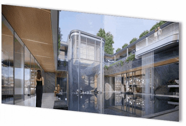 高配下沉式会所,全玻璃穹顶设计,打造集健身房、共享书吧、文展咖啡馆、商业盒子等多功能空间,理想精英生活发生地;
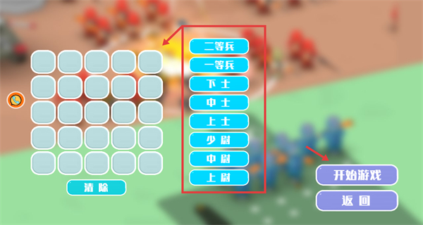 2、在士兵選擇界面從二等兵,一等兵等不同軍銜中挑選士兵組成隊伍后,點擊開始游戲進入戰斗。
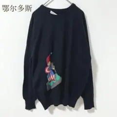 EERDUOSI カシミヤ100% ニットセーター(L)黒 左胸刺繍デザイン
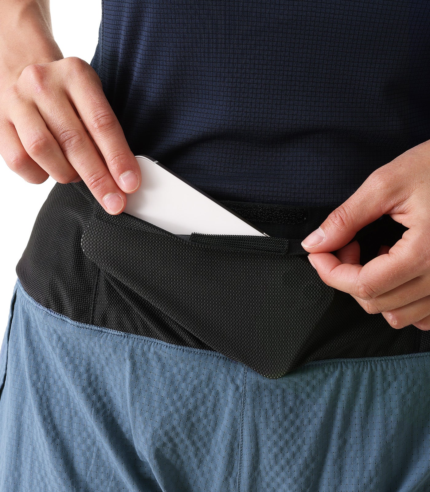 La cintura di trasporto integrata a 4 tasche sostituisce una cintura di idratazione. 120 g sulla bilancia, zero rimbalzo in corsa - tutto il rifornimento segue il movimento senza aggiungere uno strato supplementare alla vita.
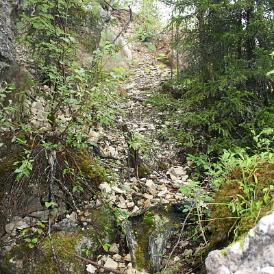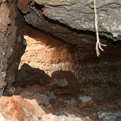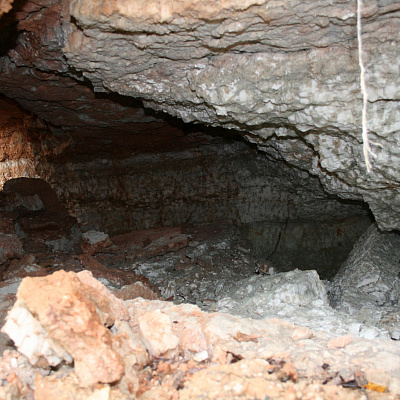 Пещера К-5 имеет 2 выхода, которые разделены расстоянием около 5 м и представляют собой низкие широкие щели в основании обнажения. Основной (северный) ход ведет в небольшой зал обвального типа, из которого расходятся несколько щелевидных ходов. Через узкий коридор можно попасть в правую часть пещеры, где находится большой обвальный зал.
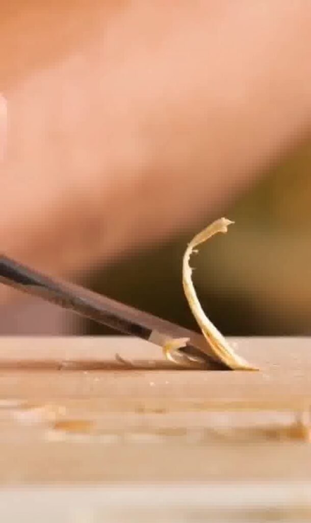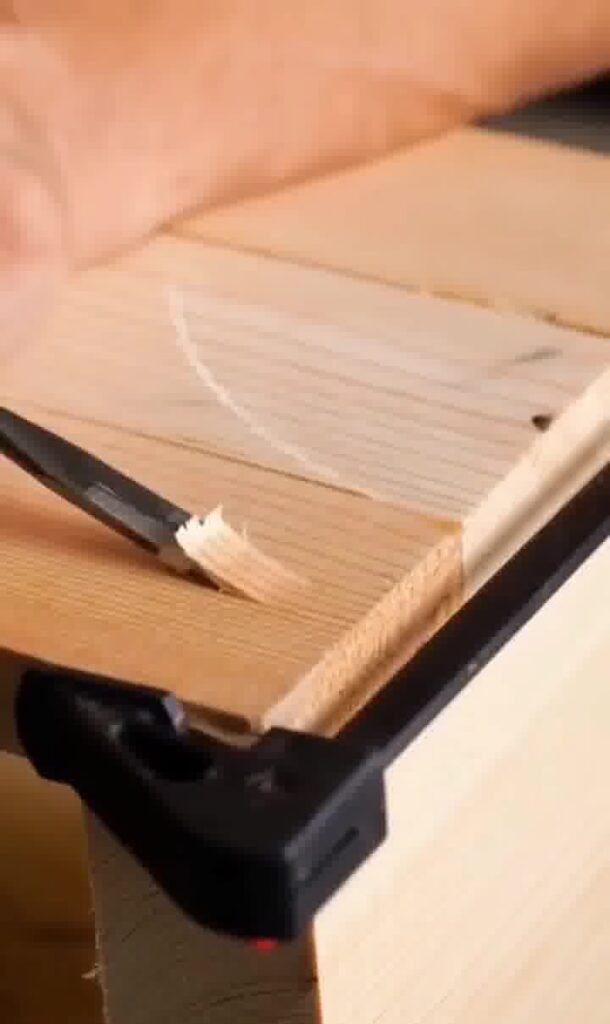 Using a chisel, carefully carve out the half-circle you just drew on the side supports.
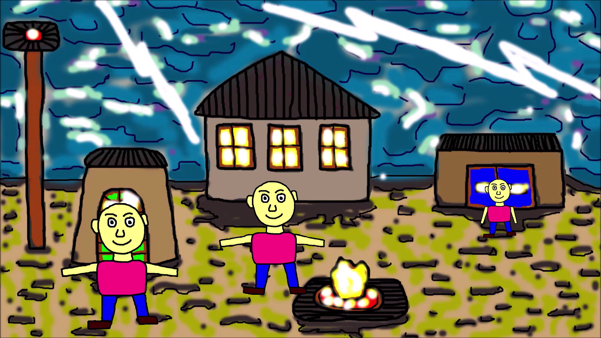 Анимационный рисунок Геннадия Горина: Человечки возле дома и молния
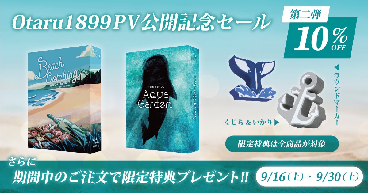 うちばこやでは、最新作ボードゲーム『Otaru 1899』の発売に際し、セール第一弾、セール第二弾を開催中です。さらに、本日9月16日から9月30日までの間に公式オンラインストアでご注文いただくと、最人気のアクアガーデンシリーズで使用できるイカリ・くじらのラウンドマーカーが特典として付属します。セール対象商品のご注文に限らず、どの商品をご注文いただいても、1回の注文あたり1セット(合計2個)が付属します。お得なこの機会に、ぜひまとめてお買い求めください。
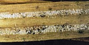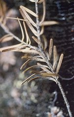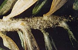 Auch in Folge von Frosteinwirkung geschwächte Nadeln werden oft von Cytospora-Arten besiedelt (Abbildung rechts: Fruchtkörper von Cytospora auf abgestorbenen Tannennadeln). Gelegentlich wächst Cytospora von Hagelschlagwunden ausgehend in Nadeln ein.
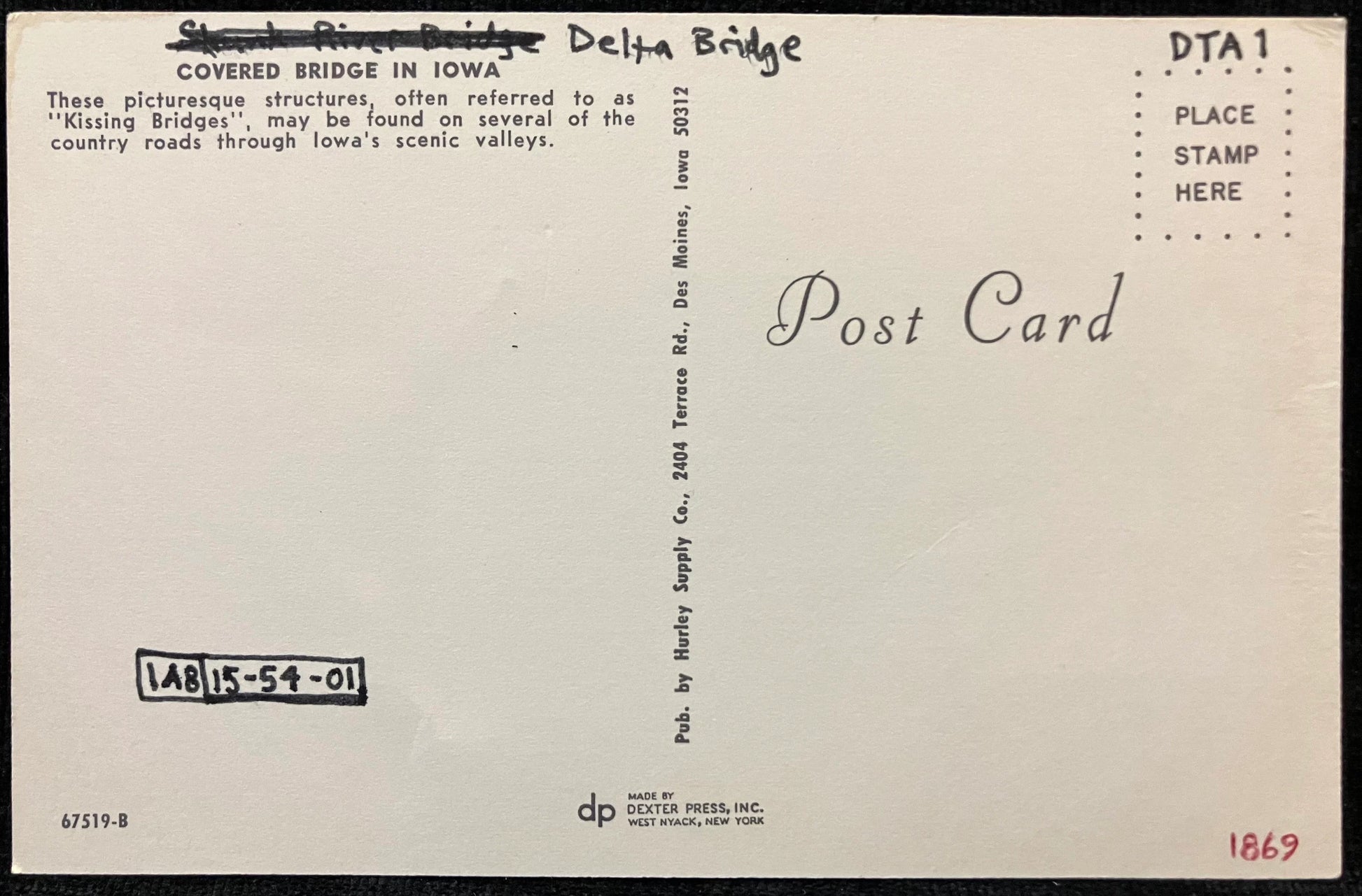 On back: These picturesque structures, often referred to as “Kissing Bridges”, may be found on several of the country roads through Iowa’s scenic valleys.
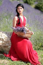 Keywords: girl lavender dress brunette blue eyes flowers beauty nature
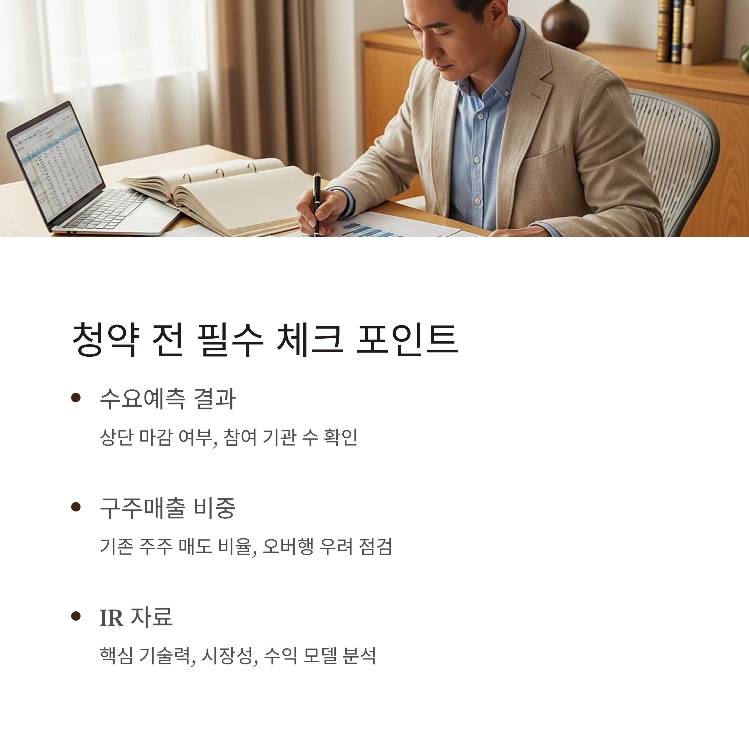 청약 → 수요예측 분석 → IR자료 점검 → 상장일 전략 순으로
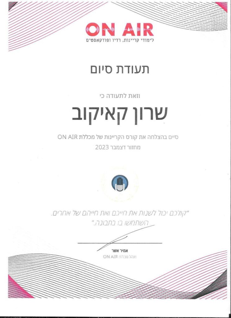 נעים מאוד, אני שרון קאיקוב, קריין מקצועי עם מעל 30 שנות ניסיון בתחום הקריינות והפקות הקול. המסע שלי בעולם הקול והקריינות התחיל ממש במקרה, אי שם בשנת 1993. באותה תקופה עבדתי כאיש הגברה בתצוגות אופנה, ובאחד האירועים נדרשתי להחליף את מנחה התצוגה ברגע האחרון. למרות החשש, נכנסתי לתפקיד במהירות, האירוע זכה להצלחה גדולה – ומאז הכל היסטוריה.
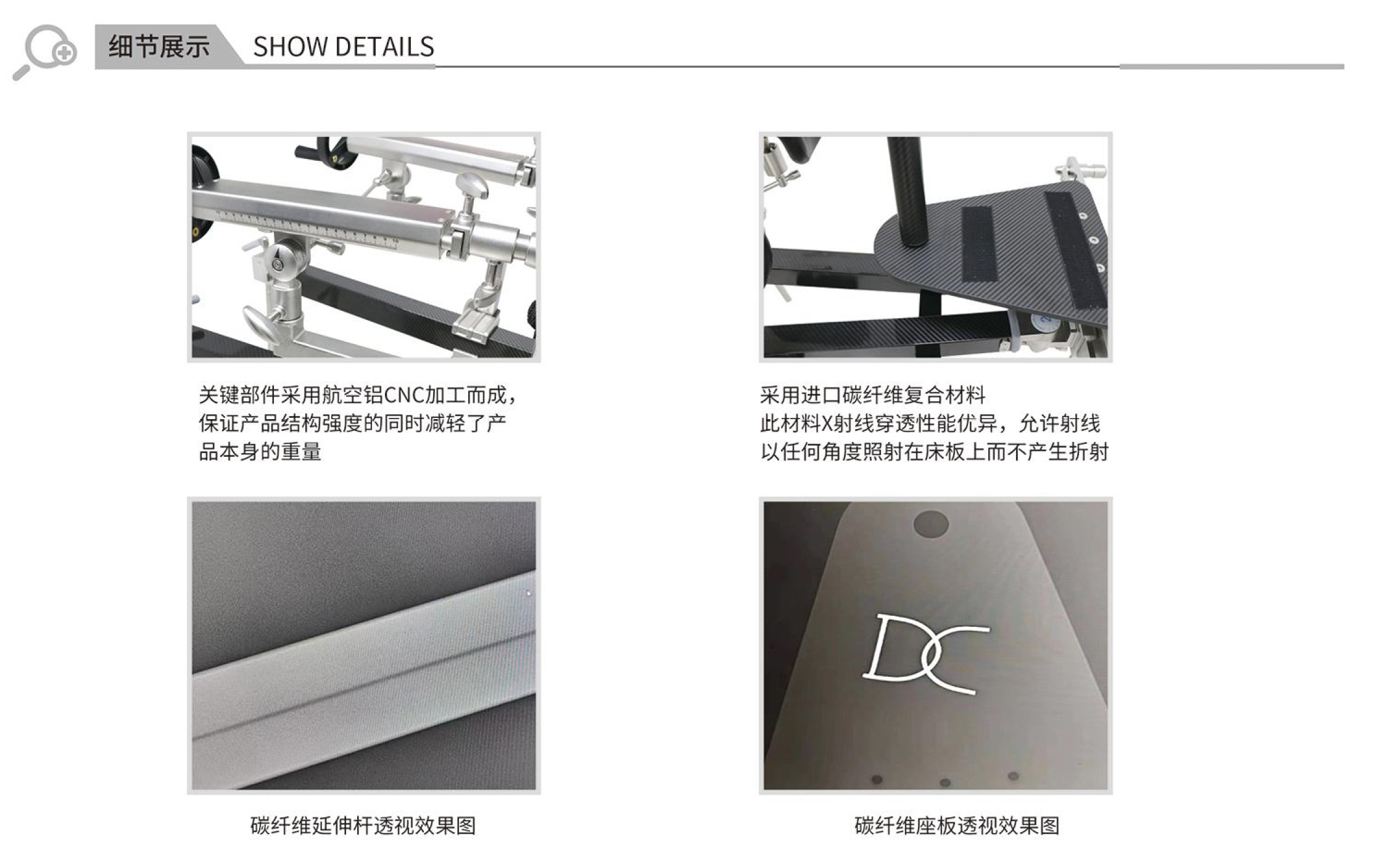 (1)輕質(zhì)高強:碳纖維材料具有極高的比強度和比模量,這使得牽引架在保持足夠強度和穩(wěn)定性的同時,能夠大大減輕整體重量。這不僅方便了患者的移動和搬運,也減輕了醫(yī)護人員的操作負(fù)擔(dān)。
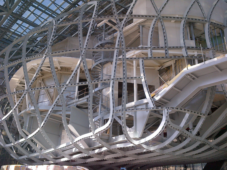 The convention center's glass box is made up of a double-skinned, steel-glass construction with a glass wall that frames a view of the Cloud when seen from the main axis. A sloping plaza leads to the entrance and a lower level where some of the exhibition spaces are located. Escalators lead up to a raised floor – a universal space that is column-free and completely open, minus the Cloud suspended overhead. Developed with structural engineer Massimo Majowiecki, the apparently weightless (only touching the floor in one spot) construction is 129 meters long, 65 meters wide, and 29 meters tall. Stairs, escalators and bridges provide access to the Cloud's interior, where an auditorium for 1,600 people, various meeting rooms, foyers, and a cafe are found.
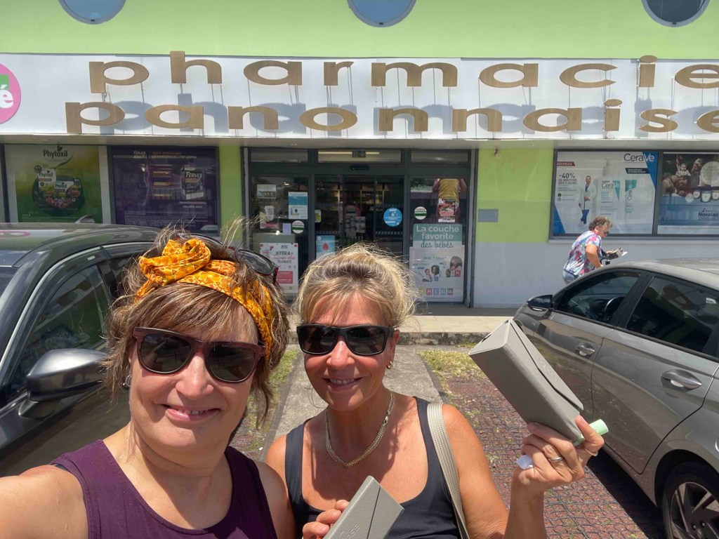 The next funny episode happens at a pharmacie. We’re holding up traffic. Everyone in the shop seems to be focused on the two Germans – somehow we’re entertaining the whole place. Andrea only wanted to buy a medicine, and we both walk out with new sunglasses. We even get 50% off the second pair.
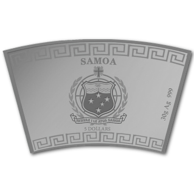 Der Hase auf der Silbermünze wirkt aufmerksam und zu allem bereit. Er sitzt im Gras, in dem sich auch das passende chinesische Schriftzeichen versteckt. Die Silbermünze aus 30 g Feinsilber hat einen Feingehalt von 999/1000. Sie ist Prooflike geprägt und einzeln gekapselt. Die Wertseite zeigt das Wappen des Ausgabelands Samoa – einen Schild mit dem Sternbild Kreuz des Südens, Meereswellen und einer Kokospalme darauf. Der Schild ist umrahmt von Olivenzweigen und gekrönt von einem Kreuz. Darunter ist der Nennwert von 5 Dollars verzeichnet.
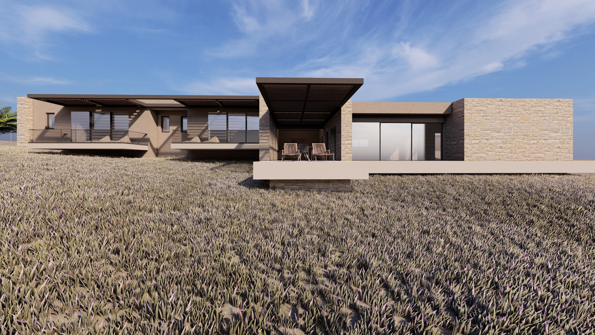 photorealistic nighttime architectural visualization of a vacation house designed for a person who loves surfing minimal and simple decoration relaxed coastal style subtle landscaping and soft ambient night lighting creating a calm seaside atmosphere the same materials as showed stone exactly as it is

- [TASK PROMPT] Apart from the pictures, every line above must be repeated exactly.

- [REPLY]
 高配下沉式会所,全玻璃穹顶设计,打造集健身房、共享书吧、文展咖啡馆、商业盒子等多功能空间,理想精英生活发生地;
 2、在士兵選擇界面從二等兵,一等兵等不同軍銜中挑選士兵組成隊伍后,點擊開始游戲進入戰斗。
 EERDUOSI カシミヤ100% ニットセーター(L)黒 左胸刺繍デザイン
 La cintura di trasporto integrata a 4 tasche sostituisce una cintura di idratazione. 120 g sulla bilancia, zero rimbalzo in corsa - tutto il rifornimento segue il movimento senza aggiungere uno strato supplementare alla vita.
 Пещера К-5 имеет 2 выхода, которые разделены расстоянием около 5 м и представляют собой низкие широкие щели в основании обнажения. Основной (северный) ход ведет в небольшой зал обвального типа, из которого расходятся несколько щелевидных ходов. Через узкий коридор можно попасть в правую часть пещеры, где находится большой обвальный зал.
 Using a chisel, carefully carve out the half-circle you just drew on the side supports.
 Анимационный рисунок Геннадия Горина: Человечки возле дома и молния
 うちばこやでは、最新作ボードゲーム『Otaru 1899』の発売に際し、セール第一弾、セール第二弾を開催中です。さらに、本日9月16日から9月30日までの間に公式オンラインストアでご注文いただくと、最人気のアクアガーデンシリーズで使用できるイカリ・くじらのラウンドマーカーが特典として付属します。セール対象商品のご注文に限らず、どの商品をご注文いただいても、1回の注文あたり1セット(合計2個)が付属します。お得なこの機会に、ぜひまとめてお買い求めください。
 Auch in Folge von Frosteinwirkung geschwächte Nadeln werden oft von Cytospora-Arten besiedelt (Abbildung rechts: Fruchtkörper von Cytospora auf abgestorbenen Tannennadeln). Gelegentlich wächst Cytospora von Hagelschlagwunden ausgehend in Nadeln ein.
 On back: These picturesque structures, often referred to as “Kissing Bridges”, may be found on several of the country roads through Iowa’s scenic valleys.
 Keywords: girl lavender dress brunette blue eyes flowers beauty nature
 청약 → 수요예측 분석 → IR자료 점검 → 상장일 전략 순으로
 נעים מאוד, אני שרון קאיקוב, קריין מקצועי עם מעל 30 שנות ניסיון בתחום הקריינות והפקות הקול. המסע שלי בעולם הקול והקריינות התחיל ממש במקרה, אי שם בשנת 1993. באותה תקופה עבדתי כאיש הגברה בתצוגות אופנה, ובאחד האירועים נדרשתי להחליף את מנחה התצוגה ברגע האחרון. למרות החשש, נכנסתי לתפקיד במהירות, האירוע זכה להצלחה גדולה – ומאז הכל היסטוריה.
 (1)輕質(zhì)高強:碳纖維材料具有極高的比強度和比模量,這使得牽引架在保持足夠強度和穩(wěn)定性的同時,能夠大大減輕整體重量。這不僅方便了患者的移動和搬運,也減輕了醫(yī)護人員的操作負(fù)擔(dān)。
 The convention center's glass box is made up of a double-skinned, steel-glass construction with a glass wall that frames a view of the Cloud when seen from the main axis. A sloping plaza leads to the entrance and a lower level where some of the exhibition spaces are located. Escalators lead up to a raised floor – a universal space that is column-free and completely open, minus the Cloud suspended overhead. Developed with structural engineer Massimo Majowiecki, the apparently weightless (only touching the floor in one spot) construction is 129 meters long, 65 meters wide, and 29 meters tall. Stairs, escalators and bridges provide access to the Cloud's interior, where an auditorium for 1,600 people, various meeting rooms, foyers, and a cafe are found.
 The next funny episode happens at a pharmacie. We’re holding up traffic. Everyone in the shop seems to be focused on the two Germans – somehow we’re entertaining the whole place. Andrea only wanted to buy a medicine, and we both walk out with new sunglasses. We even get 50% off the second pair.
 Der Hase auf der Silbermünze wirkt aufmerksam und zu allem bereit. Er sitzt im Gras, in dem sich auch das passende chinesische Schriftzeichen versteckt. Die Silbermünze aus 30 g Feinsilber hat einen Feingehalt von 999/1000. Sie ist Prooflike geprägt und einzeln gekapselt. Die Wertseite zeigt das Wappen des Ausgabelands Samoa – einen Schild mit dem Sternbild Kreuz des Südens, Meereswellen und einer Kokospalme darauf. Der Schild ist umrahmt von Olivenzweigen und gekrönt von einem Kreuz. Darunter ist der Nennwert von 5 Dollars verzeichnet.
 photorealistic nighttime architectural visualization of a vacation house designed for a person who loves surfing minimal and simple decoration relaxed coastal style subtle landscaping and soft ambient night lighting creating a calm seaside atmosphere the same materials as showed stone exactly as it is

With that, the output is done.